Nokia reorganizing Navteq to better work with Microsoft and to make social location based services

In October of 2007 Nokia announced that they were going to purchase Navteq for a cool $8.1 billion. Many analysts were dumbfounded by the move, but in the end it could be explained by simple economics. Rather than having to fork over hundreds of millions of Euros a year to put mapping data on the over 100 million smartphones Nokia ships year after year, it would instead be cheaper to own the mapping data itself. Advertisements can also be put on top of that mapping data, so when other companies need tiles to render a city, state, or country, targeted ads can be laid on top. It’s been 3.5 years, and except for Ovi Maps making turn by turn navigation a free feature in order to compete with Google Navigation, not much has been done with the Navteq acquisition. That’s supposedly going to change starting on May 1st when Nokia’s Tero Ojanpera (pictured above) and Navteq’s CEO Larry Kaplan create a new business unit within Nokia that focuses on building social location services and will also work together with Microsoft on creating a new brand that will some day, maybe, be more popular than Google Maps.

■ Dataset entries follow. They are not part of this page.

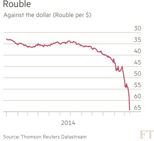 파이낸셜타임스(FT), 월스트리트저널(WSJ) 등 주요 외신에 따르면 루블은 이날 달러당 64.45루블로 추락해 1998년 러시아 채무불이행(디폴트) 이후 최대 낙폭을 기록했다.
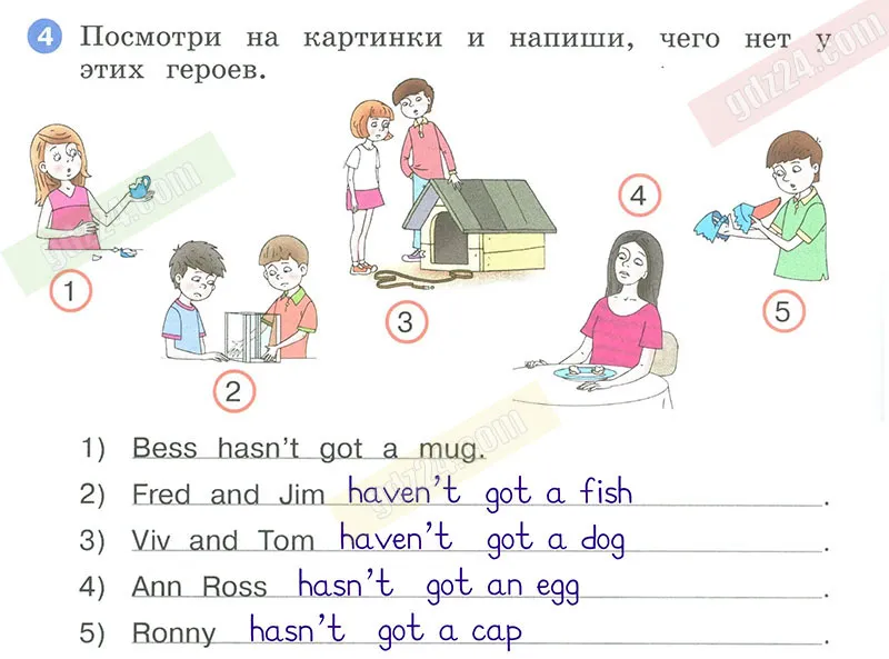 Посмотри на картинки и напиши, чего нет у этих героев.
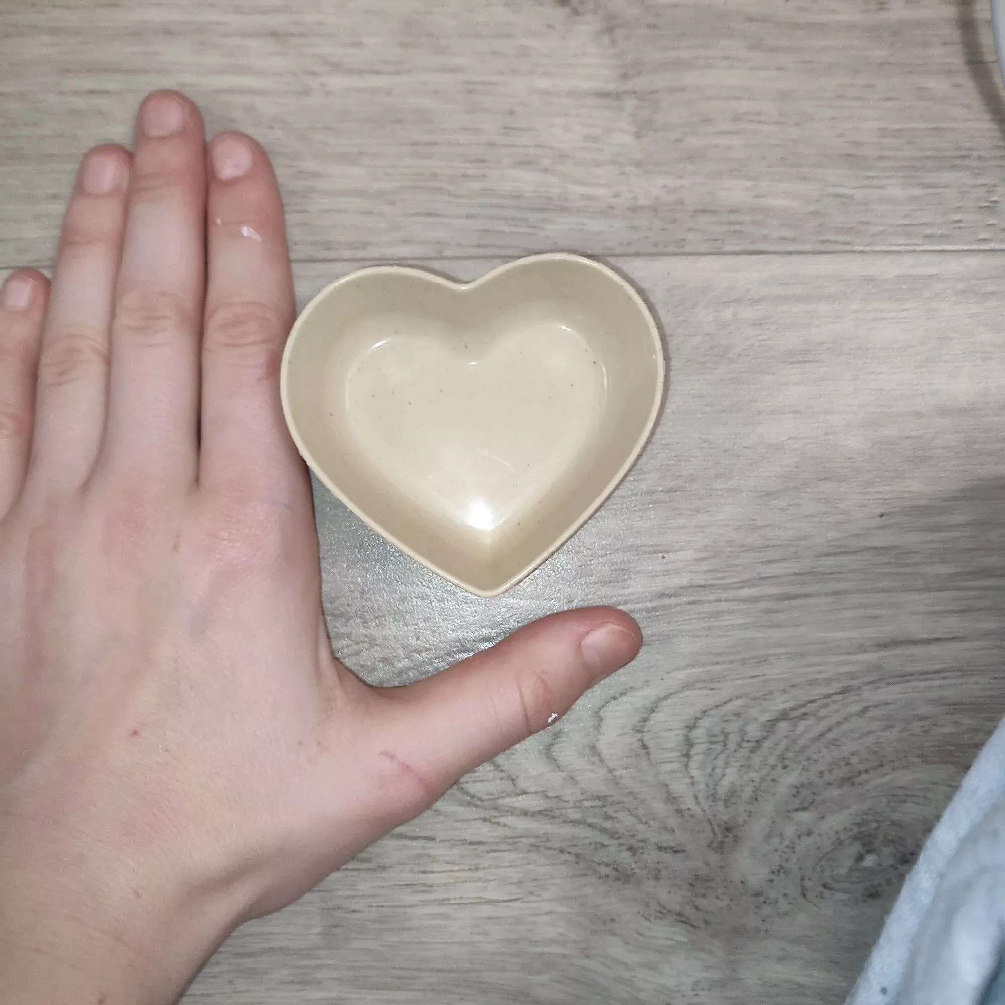 The cutest plate! Very comfortable, stable, roomy (M & M's 45g bag will mix perfectly), I think I will order a couple of different things!! These little heart bowls are so pretty. My cats eat fancy feast and they are the right size for a serving of food, my cats get fed 4-5 times a day, I just stick them in dishwasher and they come completely clean and i use sanitizer rinse cycle..
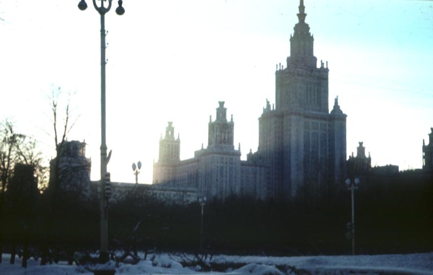 Moscow university fence. University main building. In the university class. Larissa Sudakova and Valentin Popov talking Prof. Goncharsky at a lecture. In the students' lunchroom. Left to right: Michael Rozhdestvensky, Valentin Popov and me.
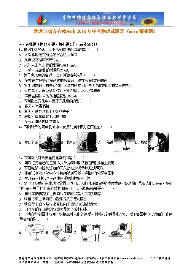 黑龙江省齐齐哈尔市2016年中考物理试题(word解析版)

If the name Tero Ojanpera sounds familiar to you, then you’re aware that he has had two previous roles within Nokia. He was once the Chief Technology Officer, and his job was to sit on his ass and think about what mobile phones would look like in the next 5 to 10 years. Next he was head of Nokia’s “Entertainment and Communities” unit where his job was to fly between Helsinki and Hollywood to try and turn Nokia into a credible supplier of content. There is no question that in both of these roles he has failed, so pardon us for saying this, but how exactly is he going to a Foursquare clone off the ground?

  • Anonymous

    I too cannot understand how Nokia’s legacy executive management has survived Elop’s first 6 months. So many of them have had so deeply flawed performance records over the past 3 years that they are starting to make Morris the Cat’s nine lives look blase.